Problem 1 :
A large pizza at Palanzio’s Pizzeria costs $6.80 plus $0.90 for each topping. The cost of a large cheese pizza at Guido’s Pizza is $7.30 plus $0.65 for each topping. How many toppings need to be added to a large cheese pizza from Palanzio’s Pizzeria and Guido’s Pizza in order for the pizzas to cost the same, not including tax?
Solution :
Let x be the number of toppings need to be added to a pizza from Palanzio’s Pizzeria and Guido’s Pizza.

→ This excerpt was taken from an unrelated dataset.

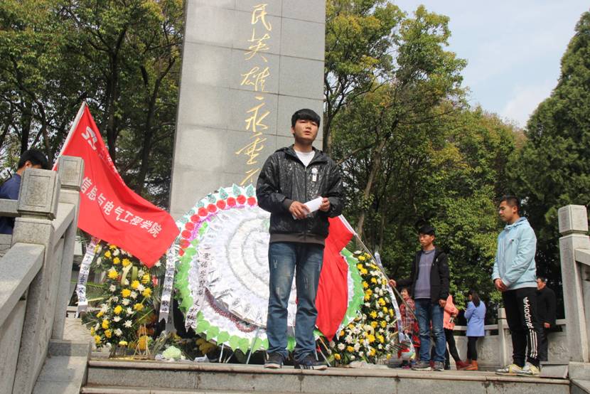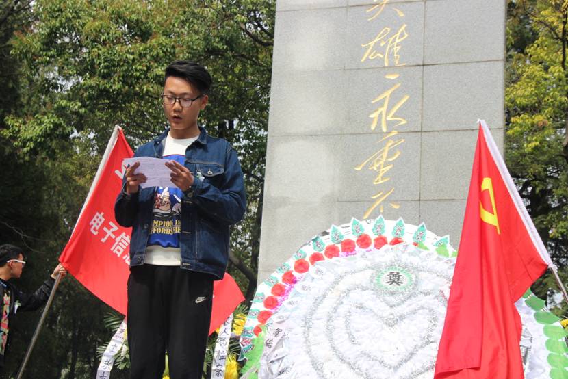 党员员工干部代表杨世浩致悼词,缅怀为抗战而光荣牺牲的烈士,以告慰先烈之英灵,并鼓励同学们努力成长为有理想、有道德、有文化、有纪律的社会主义新人。随后,党员员工代表孟祥飞发言,他激励大家铭记历史,牢记使命,继承爱国传统,争做中华民族伟大复兴事业的接班人。
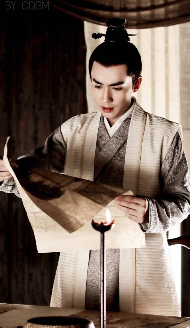 他今日穿了一袭灰色便衣,坐在桌前,提起笔落下最后一笔,放下画笔,吹了吹未干的墨,将画拿在手上看着,满意地笑了笑。

After adding x number of topiings, let y be the cost of each pizza from Palanzio’s Pizzeria and Guido’s Pizza.
Cost of a pizza from Palanzio’s Pizzeria :
y = 6.80 + 0.90x ----(1)
Cost of a pizza from Guido’s Pizza :
y = 7.30 + 0.65x ----(2)
Solve (1) and (2) :
(1) = (2)
y = y
6.80 + 0.90x = 7.30 + 0.65x
Subtract 0.65x from both sides.
6.80 + 0.25x = 7.30
Subtyract 6.80 from both sides.
0.25x = 0.50
Divide both sides by 0.25.
x = 2
Required number of toppings is 2.
Problem 2 :
Ms. Kitts works at a music store. Last week she sold 6 more than 3 times the number of CDs that she sold this week. Ms. Kitts sold a total of 110 CDs over the 2 weeks. Find the number of CDs sold last week and this week.
Solution :
x and y can be assumed as follows.
x ----> number of CDs sold last week
y ----> number of CDs sold this week
Given : Number of CDs sold last week is equal to 6 more than 3 times the number of CDs sold this week.
x = 3y + 6 ----(1)
Given : Total number of CDs sold over the 2 weeks is 110.
x + y = 110 ----(2)
Substituet x = 3y + 6 into (2).
(3y + 6) + y = 110
3y + 6 + y = 110
4y + 6 = 110
Subtract 6 from both sides.
4y = 104
Divide both sides by 4.
y = 26
Substitute y = 26 into (1).
x = 3(26) + 6
x = 78 + 6
x = 84
Ms. Kitts sold 84 CDs last week and 26 CDs this week.
Problem 3 :
The length of a rectangle is equal to triple the width. Find the dimensions of the rectangle if the perimeter is 86 centimeters.
Solution :
Let x be the length and y be the widh of the rectangle.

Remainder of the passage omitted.